WORK ITEM »
In the data below, begin at the line with "Maymun Ve Muz" and stop after the line with "en 5 niveles."; output those lines exactly and no pictures.
BEGIN
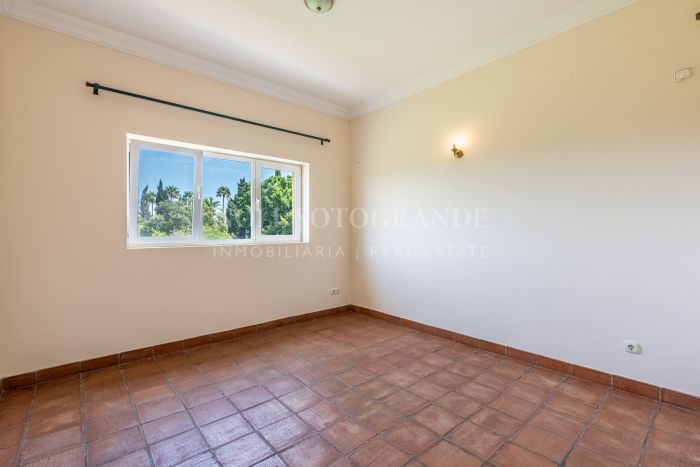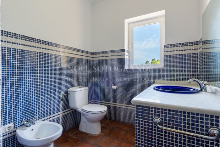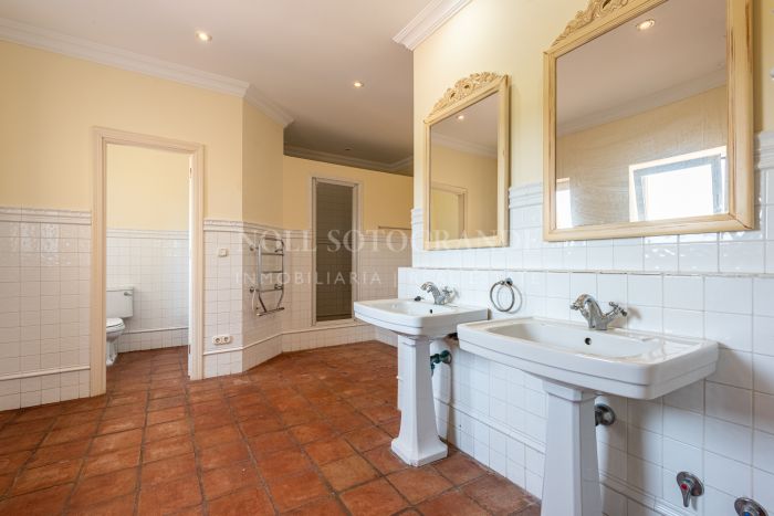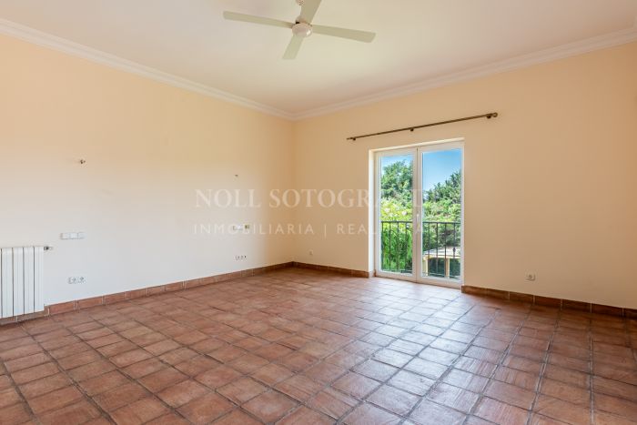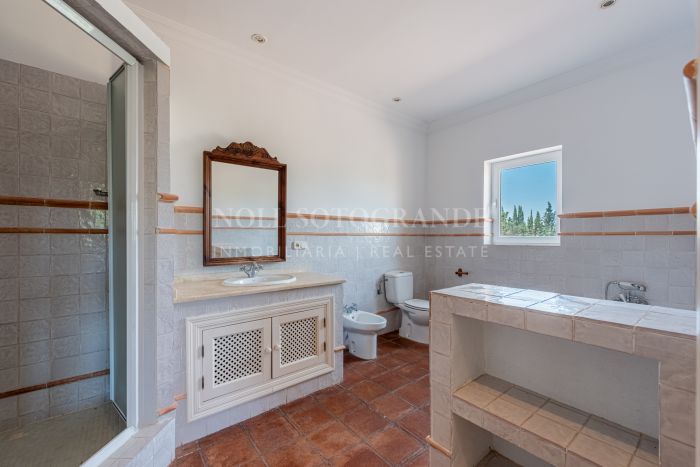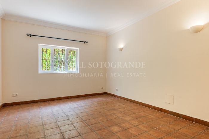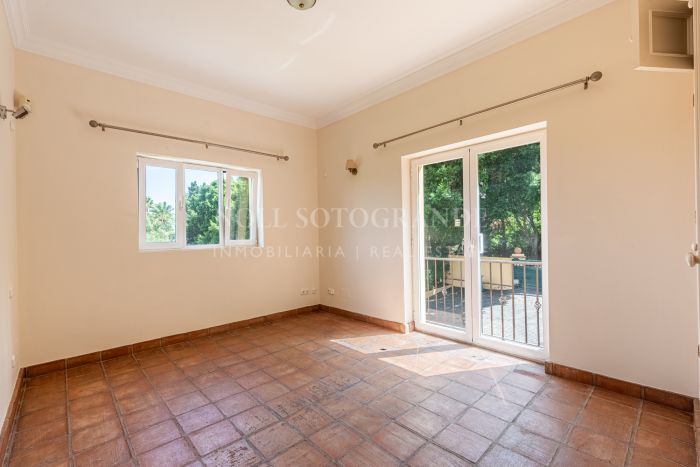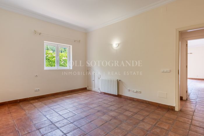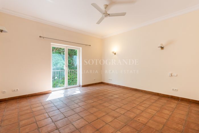 Upstairs, the master suite features a private bathroom, walk-in wardrobe, Juliet balcony, and access to a terrace with panoramic views. Additional bedrooms and bathrooms offer plenty of space for family and guests. An office with its own terrace and a generous layout across both wings enhance the sense of space. The villa’s outdoor areas are designed for relaxation and entertaining, with a 205 m² terrace, a mature garden, and a swimming pool overlooking the natural surroundings. The large basement has parking for 6–8 cars and can be converted into a gym, cinema room, or staff quarters, adding to the property’s versatility. Terracotta flooring, fitted wardrobes, and central heating complete this family home in a peaceful Sotogrande Alto location.
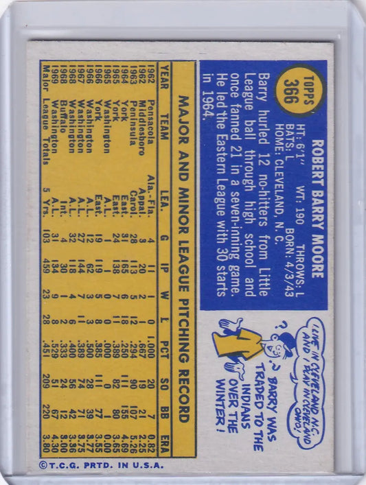 1970 Topps Baseball #366 Barry Moore - Cleveland Indians
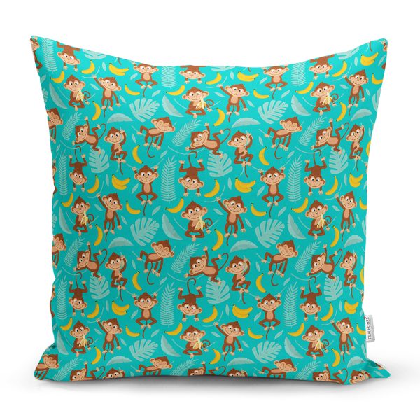 Maymun Ve Muz Desenli Dijital Baskılı Özel Tasarım Modern Yastık Kırlent Kılıfı
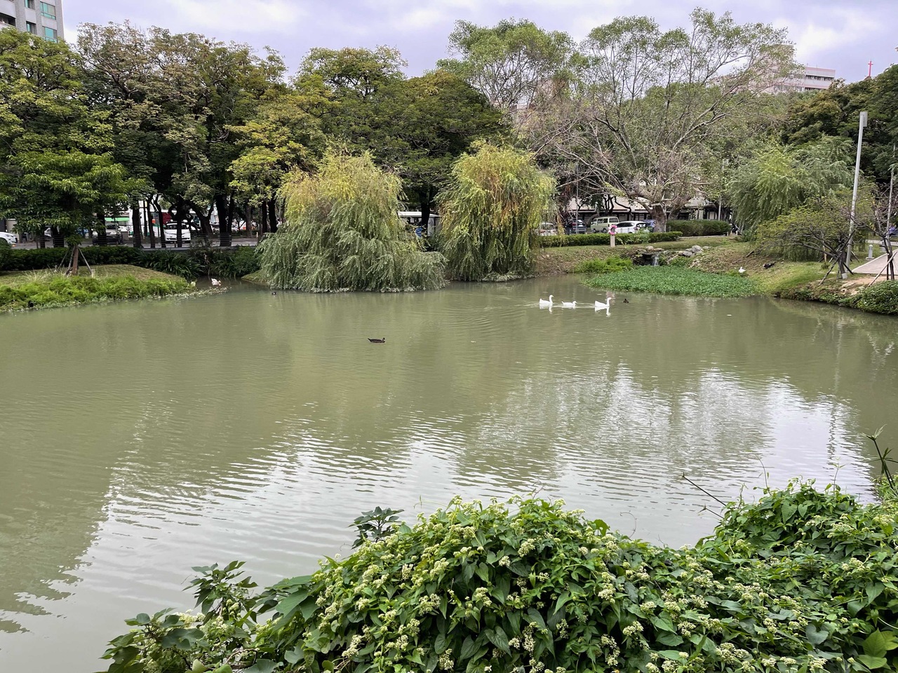 新竹エリアは、日本統治時代にかなり開拓されたエリアなので、公園の中にも日本の家屋がたくさんありました。どれも、今は店舗になっていて、きちんと保存されています。景観も良かったです。かもが池の噴水を楽しんでいました
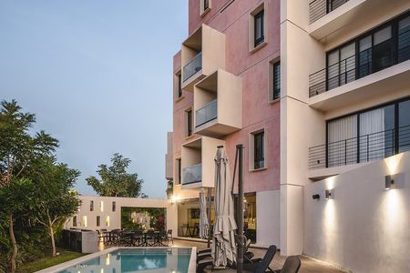 * Esta é uma renderização que pode variar em relação ao resultado real.*MONNÉ es un desarrollo compuesto de 75 departamentos dispuestos en 2 torres gemelas que convergen en una zona de áreas comunes con una variedad de amenidades. Ofrece 8 diferentes modelos entre estudios y departamentos de 1 y 2 recámaras, distribuidos en 5 niveles.
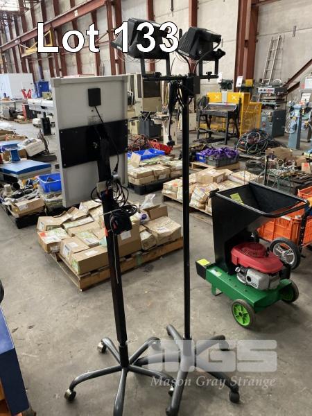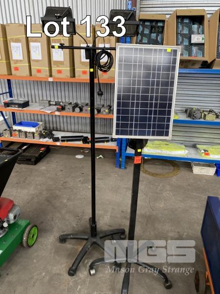 SOLAR PANELS & TWIN HALOGEN LIGHT ON STANDS WITH WATER PUMP, 12V
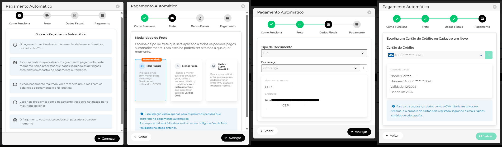 - Confirme e Habilite: Termine confirmando o pagamento e ativando o pagamento automático para os próximos pedidos
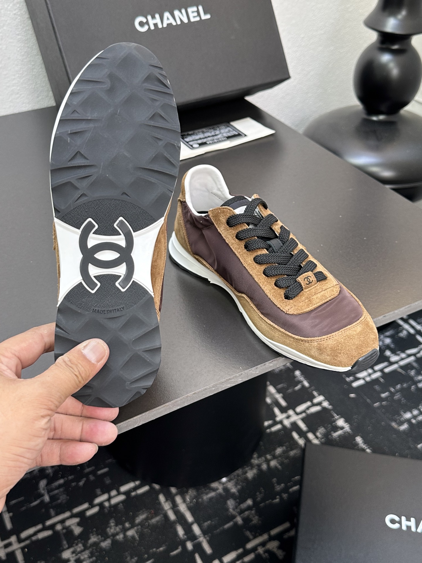 This shoes is AAAAA 1:1 quality (superb). Materials used are identical to the original ones. Chanel trademark marks are indistinguishable to the authentic. Photos take by actual shoes, what you receive will be 100% same with our photos.
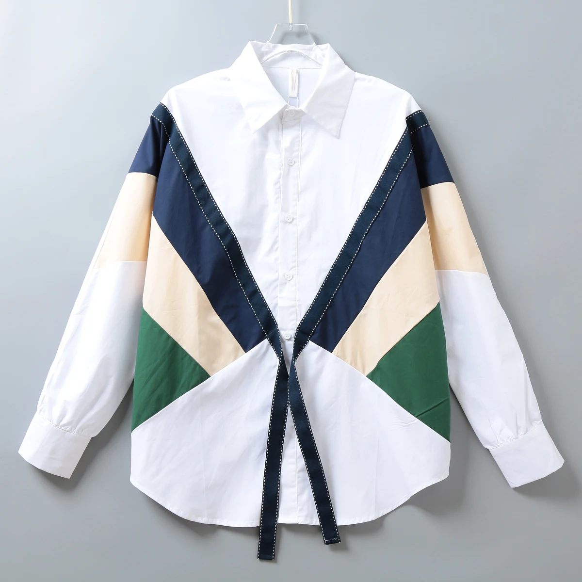 Весенняя и Осенняя Новая модная блузка с длинным рукавом из хлопка, подходящая по цвету Повседневная Свободная блузка размера плюс, женские топы
END
EXERCISE ANSWER »
 Maymun Ve Muz Desenli Dijital Baskılı Özel Tasarım Modern Yastık Kırlent Kılıfı
 新竹エリアは、日本統治時代にかなり開拓されたエリアなので、公園の中にも日本の家屋がたくさんありました。どれも、今は店舗になっていて、きちんと保存されています。景観も良かったです。かもが池の噴水を楽しんでいました
 * Esta é uma renderização que pode variar em relação ao resultado real.*MONNÉ es un desarrollo compuesto de 75 departamentos dispuestos en 2 torres gemelas que convergen en una zona de áreas comunes con una variedad de amenidades. Ofrece 8 diferentes modelos entre estudios y departamentos de 1 y 2 recámaras, distribuidos en 5 niveles.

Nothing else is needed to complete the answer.